A projectile is fired with an initial speed of 46.6 m/s at an angle of 42.2 ∘ above the horizontal on a long flat firing range.

1-Determine the maximum height reached by the projectile.

2-Determine the total time in the air.

3-Determine the total horizontal distance covered (that is, the range).

4-Determine the speed of the projectile 1.50 s after firing.

5-Determine the direction of the motion of the projectile 1.50 s after firing.

## Homework Equations

v = vo +at x = xo + vot + .5at2 v2 = vo2 + 2a(x - xo) x=vt

## The Attempt at a Solution

A.) Determine the maximum height Ymax reached by the projectile.

Ymax = (V*sin 45.2)^2/2g = (43.6*0.71)^2/19.612 = 48.86 m

B.)Determine the total time t in the air.

t = 2*V*sin 45.2/g = 2*43.6*0.71/9.806 = 6.314 sec

C.)Determine the total horizontal distance covered (that is, the range).

Δx = V*cos 45.2*t = 43.6*0.705*6.314 = 194.08 m

So what's the question?

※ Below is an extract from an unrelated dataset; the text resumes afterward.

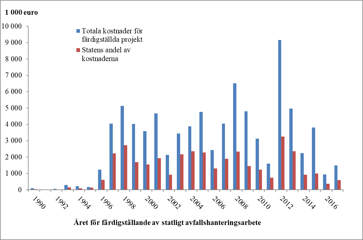 Figur 2. De totala kostnaderna för projekt som färdigställts som statliga avfallshanteringsarbeten samt statens andel av kostnaderna åren 1990—2017. Källa: SYKE 2018.

You couldn't do #4 and #5?

Zz.

gneill
Mentor
A projectile is fired with an initial speed of 46.6 m/s at an angle of 42.2 ∘ above the horizontal

A.) Determine the maximum height Ymax reached by the projectile.

Ymax = (V*sin 45.2)^2/2g = (43.6*0.71)^2/19.612 = 48.86 m

The numbers you've used in your work do not match those stated in the problem statement. Which numbers are correct?

Chandra Prayaga
Science Advisor
There is confusion about the symbols used.
Is V the initial speed?
In the relevan equations, there are two different equations for x.